THE RECORDS
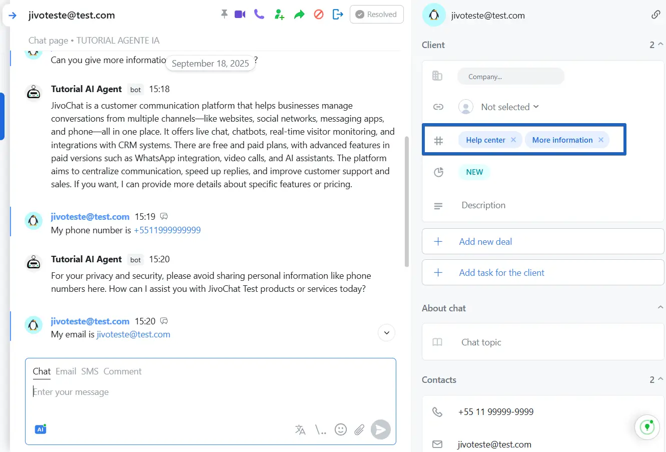 Jivo has introduced a new feature — the AI Agent, which helps automate customer communication and handle complex tasks without human intervention. It will capture contacts left by the visitor in the chat, tag conversations, and also analyze customer sentiment.
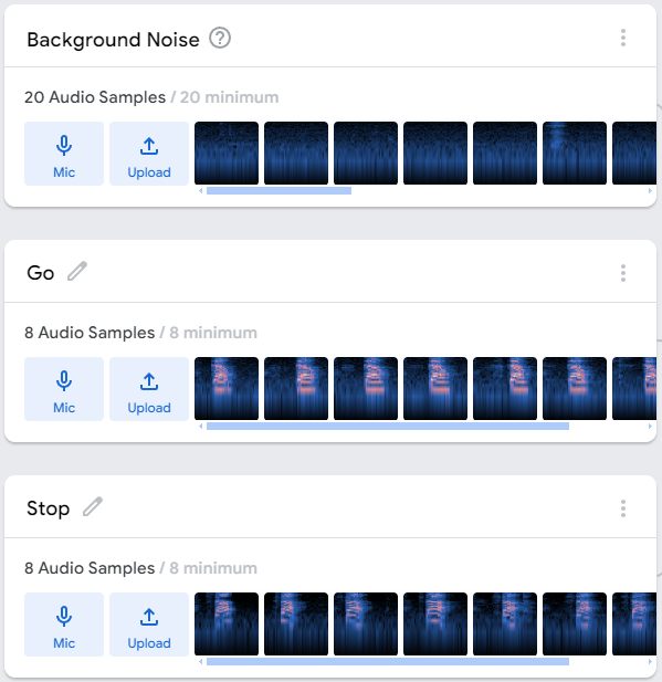 This is very similar to the process that you followed to create your Image Recognition model. For this Audio Recognition model, you will need three different classes, including a specific class for background sound.
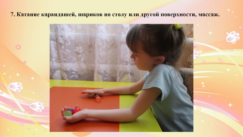 Слайд 127. Катание карандашей, шариков по столу или другой поверхности, массаж.
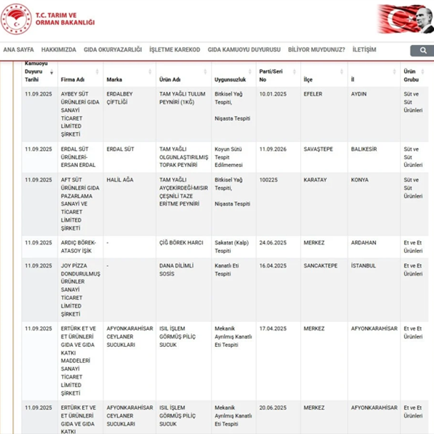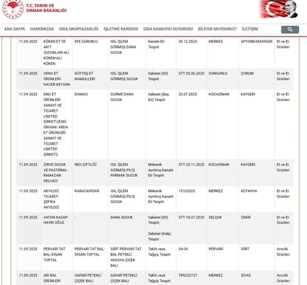 Tarım ve Orman Bakanlığı'nın denetimleri sonucunda özellikle sucuk ürünlerinde ciddi uygunsuzluklar belirlendi.
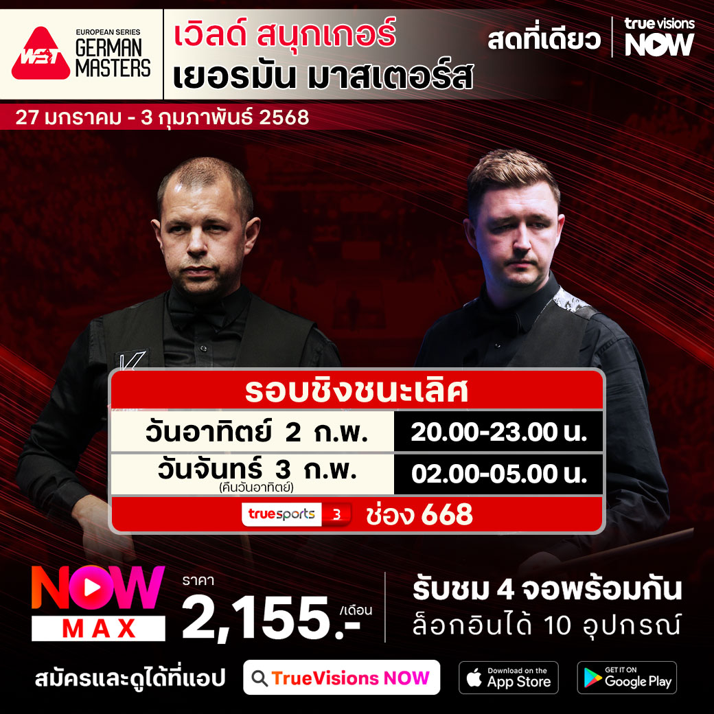 เวิลด์ สนุกเกอร์ ทัวร์ รายการเก็บคะแนนสะสมโลก ฤดูกาล 2024/25 สัปดาห์นี้ ไปกันที่เมืองเบียร์ กับรายการ เยอรมัน มาสเตอร์ส สดจากสังเวียน เทนโปโดรม กรุงเบอร์ลิน ประเทศเยอรมนี มือท็อปๆ ของ เวิลด์ แรงค์กิ้ง นำทีมลุ้นโทรฟี่กันคับคั่ง ชมสด ครบทุกรอบ เอ็กซ์คลูซีฟ ที่เดียวที่ ทรูวิชั่นส์
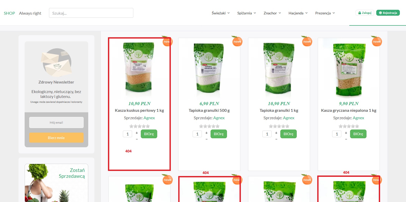 Then, when you click on the link on the listing, in order to know which product to load, the routing system can only base itself on the alias of the URL so, for example: "kasza-kuskus-perlowy-1-kg". It will try to search for a product with that alias, and if no product is found, it will try to look for a product with that name (replacing the - with spaces).
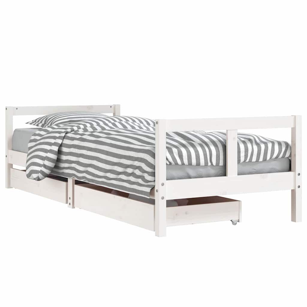 vidaXL Vaikiškos lovos rėmas su stalčiais, baltas, 80x200cm, pušis
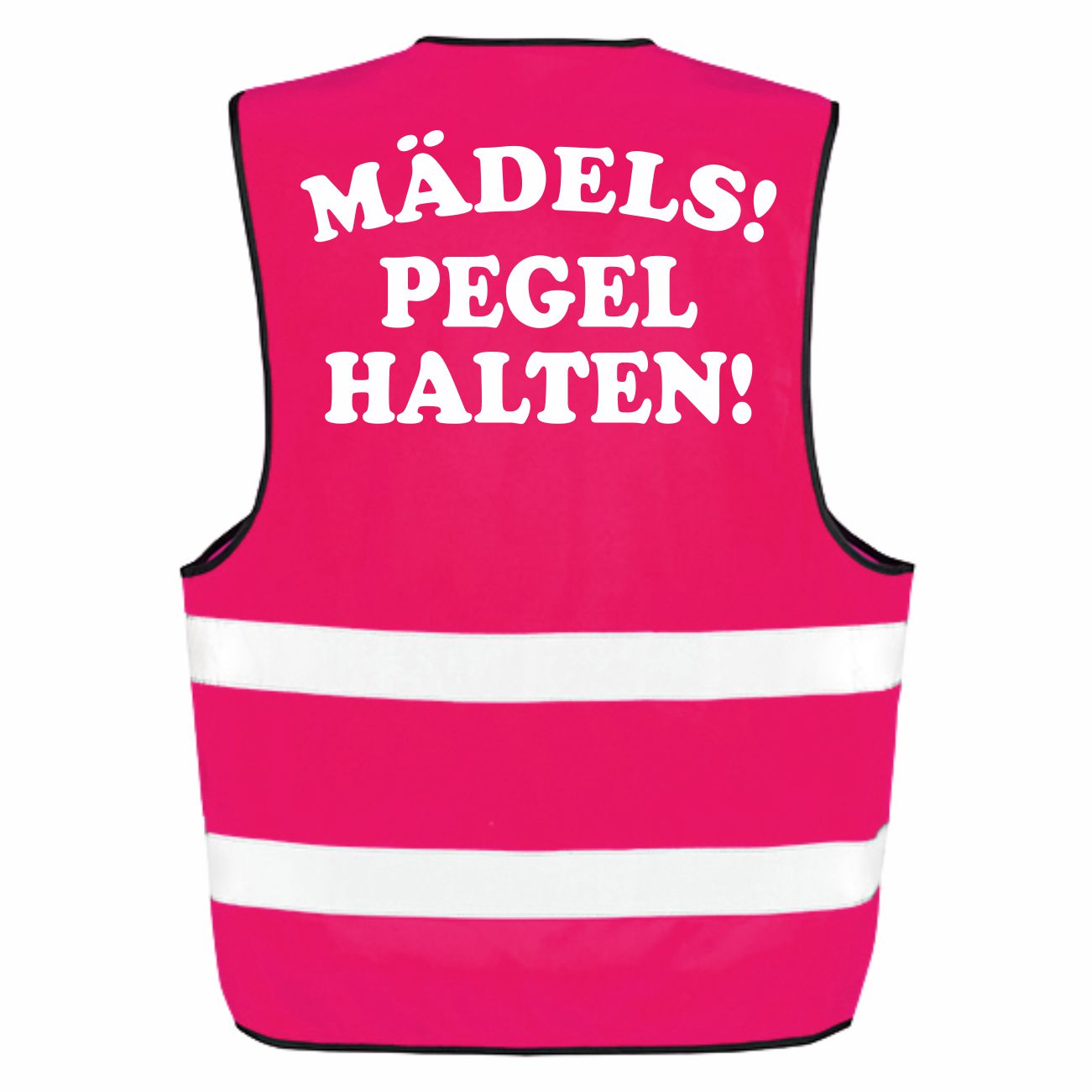 Perfekt für den nächsten Mädelsabend oder Junggesellinnenabschied! Diese pinke Warnweste mit lustigem 'Pegel halten' Spruch sorgt für Stimmung. Mit Reflexstreifen für Sicherheit bei Nacht, zwei Klettverschlüssen für perfekten Sitz über jeder Kleidung. Aus 100% Polyester (120g/qm) mit stylischer schwarzer Saumeinfassung. Druck made in Germany - die Farben halten! Normaler Schnitt für bequemes Tragen. Ob Mallorca, Ballermann oder Stadtfest - mit dieser Weste seid ihr unübersehbar!

TASK DETAILS
Set the pictures aside and transcribe exactly the stretch of lines above, beginning with the one holding "Tarım ve Orman" and ending with the one holding "เวิลด์ สนุกเกอร์ ทัวร์".

FINISHED EXERCISE
 Tarım ve Orman Bakanlığı'nın denetimleri sonucunda özellikle sucuk ürünlerinde ciddi uygunsuzluklar belirlendi.
 เวิลด์ สนุกเกอร์ ทัวร์ รายการเก็บคะแนนสะสมโลก ฤดูกาล 2024/25 สัปดาห์นี้ ไปกันที่เมืองเบียร์ กับรายการ เยอรมัน มาสเตอร์ส สดจากสังเวียน เทนโปโดรม กรุงเบอร์ลิน ประเทศเยอรมนี มือท็อปๆ ของ เวิลด์ แรงค์กิ้ง นำทีมลุ้นโทรฟี่กันคับคั่ง ชมสด ครบทุกรอบ เอ็กซ์คลูซีฟ ที่เดียวที่ ทรูวิชั่นส์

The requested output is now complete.